TERMS & CONDITIONS
These Terms and Conditions together with the Invoice approval collectively constitute an agreement (the “Agreement”) between you (hereinafter “you” or “Client”) and Total Asylem Marketing & PR (hereinafter “TA” “we” or “our”) for services described in the Invoice.
1. The term of this Agreement commences on the date of execution of the Invoice approved by Client (verbal and/or written)
2. Client will provide to TA all materials (hereinafter “Client Content”) or service direction within ten (10) business days of the Invoice approval in a form and through media acceptable to TA. TA may redesign or modify the organization, structure and/or formatting of the content as necessary or as requested by Client.
3. All Invoices under $300 are to be paid in full to TA upon Invoice approval.
Approved Invoices over $300 will be billed at 50% of the full amount specified in the Invoice (“Payment”) and is due upon approval of the Invoice. Payment of the remaining 50% of the full amount specified in the Invoice is due within thirty (30) days of Invoice approval or upon completion of work indicated on the Invoice, whichever comes first.
Interest on any unpaid amounts shall accrue at five percent (5%) per month and a $5.00 late charge commencing thirty (30) days after the approval date of the Invoice. TA services will commence when payment including all late fees has been received.
4. Right to terminate this Agreement – TA and Client must submit in writing within 30 days of the Invoice approval date for any refund consideration. Client submissions received after 30 days are non-negotiable and Client is responsible for any/all monies owed per the approved Invoice amount plus the 30-day past due %5 accrued interest rate and $5.00 late fee.
5. By approving an Invoice, Client agrees to indemnify TA and hold TA harmless for any and all loss. liability, damage, arising from or out of Client’s failure to perform this Agreement and/or any breach by Client of any representation or warranty set forth in this Agreement, including any and all legal costs incurred by us and costs of defense of any lawsuit or litigation against us including but not limited to all attorneys’ fees and costs of litigation. TA (Total Asylem Marketing and PR) retains the right to select and/or approve the legal counsel for any such defense provided pursuant to this paragraph.

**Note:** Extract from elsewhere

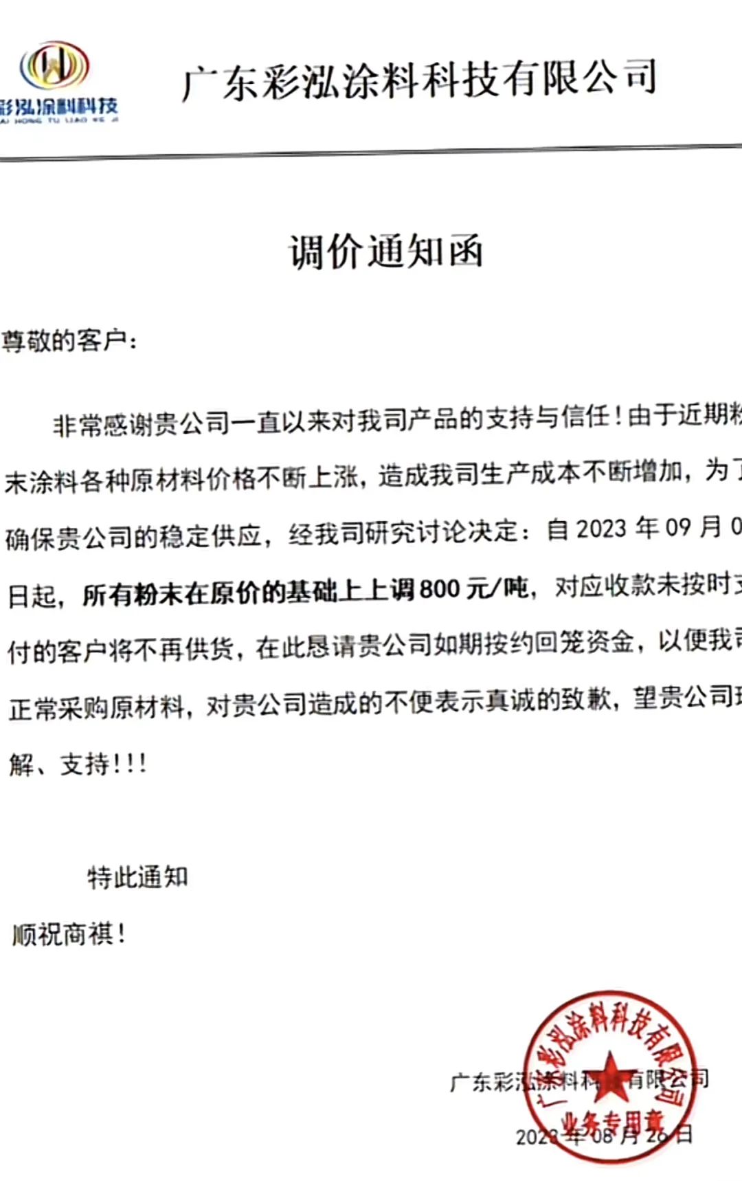 近日,廣東彩泓涂料科技有限公司對外發(fā)布漲價函稱,由于近期粉末涂料各種原材料價格不斷上漲,造成我司生產成本不斷增加,為確保貴公司的穩(wěn)定供應,經我司研究討論決定:所有粉末在原價的基礎上上調800元/噸,對應收款未按時付的客戶將不再供貨,在此懇請貴公司如期按約回籠資金,以便我正常采購原材料。

6. TA may, in our sole discretion, post on the Website or through a link within the Website various statements of content, disclaimers or statements to the visitors and users of the Website concerning the content of the Website and access to and usage of the Website and may modify such statements and disclaimers from time to time without prior notice to Client.
7. In no event shall TA have liability or be deemed in breach hereof for any failure or delay of performance of any duration resulting in whole or part from any governmental action, fire, flood, insurrection, war, earthquake, power failure, network failure, riot, explosion, embargo, strikes, terrorist act, labor or material shortage, transportation interruption of any kind or work slowdown personal or professional caused by Client or any other condition not reasonably within TA’s control. Your payment obligation is not excused or reduced upon the happening of any such event.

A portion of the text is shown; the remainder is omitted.